LLC37: Early Modern Hispanic Studies


This Working Group aims to consolidate a community of scholar-teachers to spark collaborative work and create a space to showcase our research and pedagogical strategies, apart from other academic initiatives in the Early Modern Hispanic field.

Open to New People

Active since: 2021

  • Syracuse University
  • University of Rochester
  • Hobart & William Smith Colleges

Collaborative Goals

At the outset, we envisioned to reinstitute the community of scholars invested in Early Modern Hispanic Studies in the Central New York Corridor. Our main objective for this year was to bring together as many Early Modern Hispanic Studies specialists in the region as possible and to offer them a space to meet, share their research, and receive feedback, as well as to establish connections for the future. In that way, we would start building a sense of community.

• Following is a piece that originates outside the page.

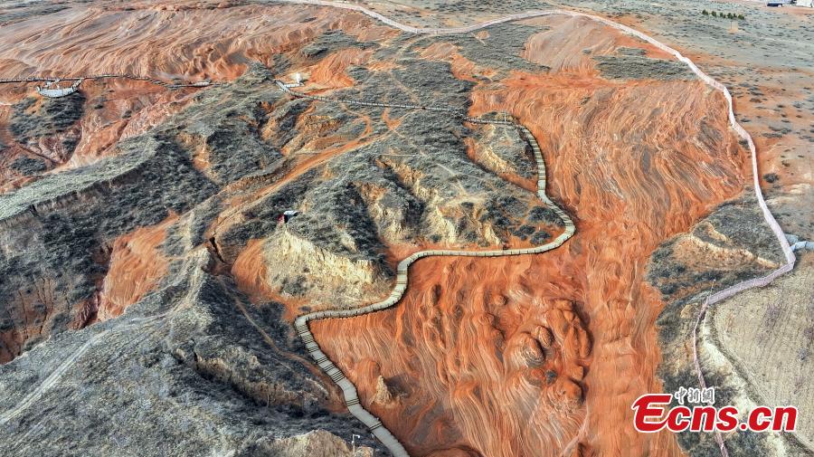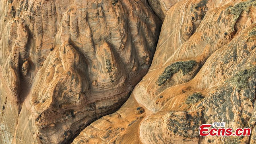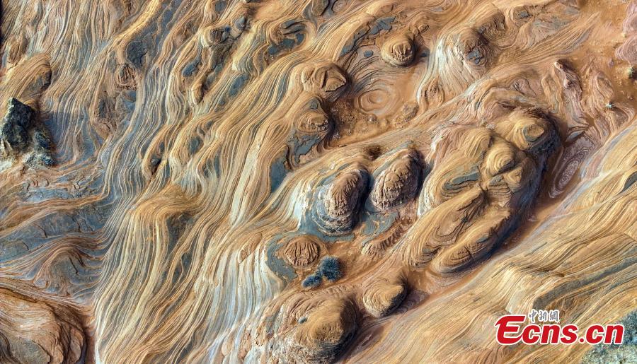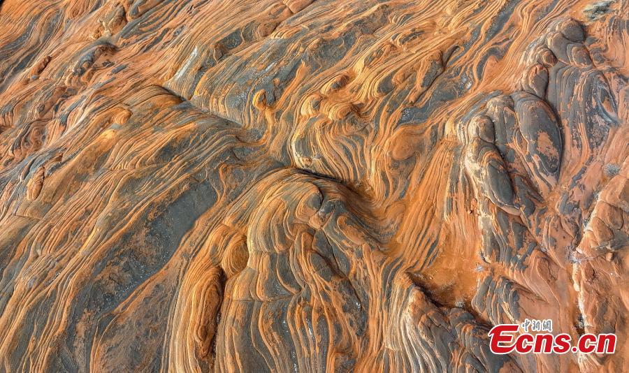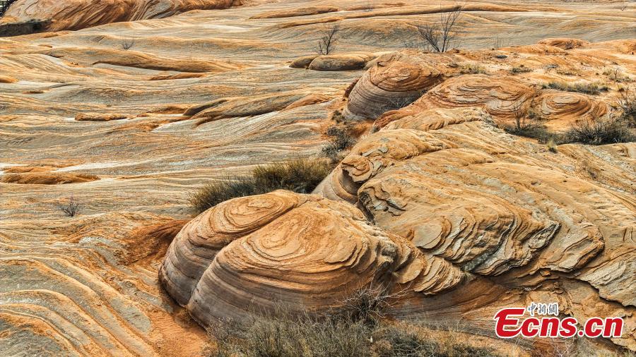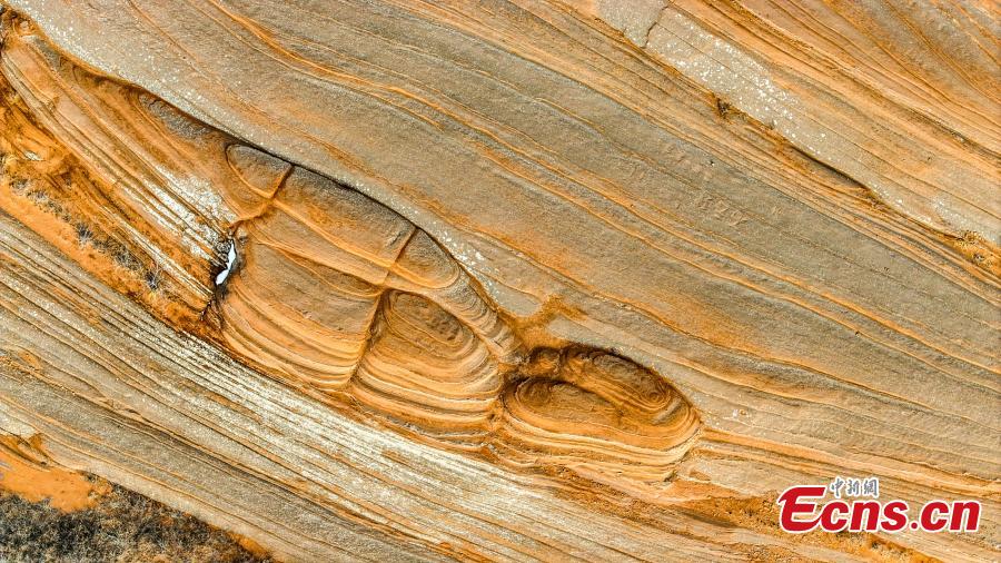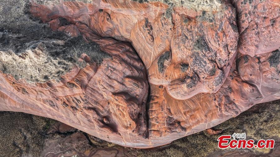 The close-up of stratified rocks of Danxia landform, a landscape characterized by reddish sandstone features, in Longzhou Town of Jingbian County, northwest China's Shaanxi Province, March 5, 2024. (Photo/VCG)

We were pleased to see such an enthusiastic turnout at the one-day event we organized, and we are confident that our newly formed research group will remain strong in the coming years. We could see how the symposium stimulated academic dialogue and developed collegiality. Graduate students who presented papers received feedback for their research projects, and others who attended were able to get involved in the profession and network with junior and senior scholars.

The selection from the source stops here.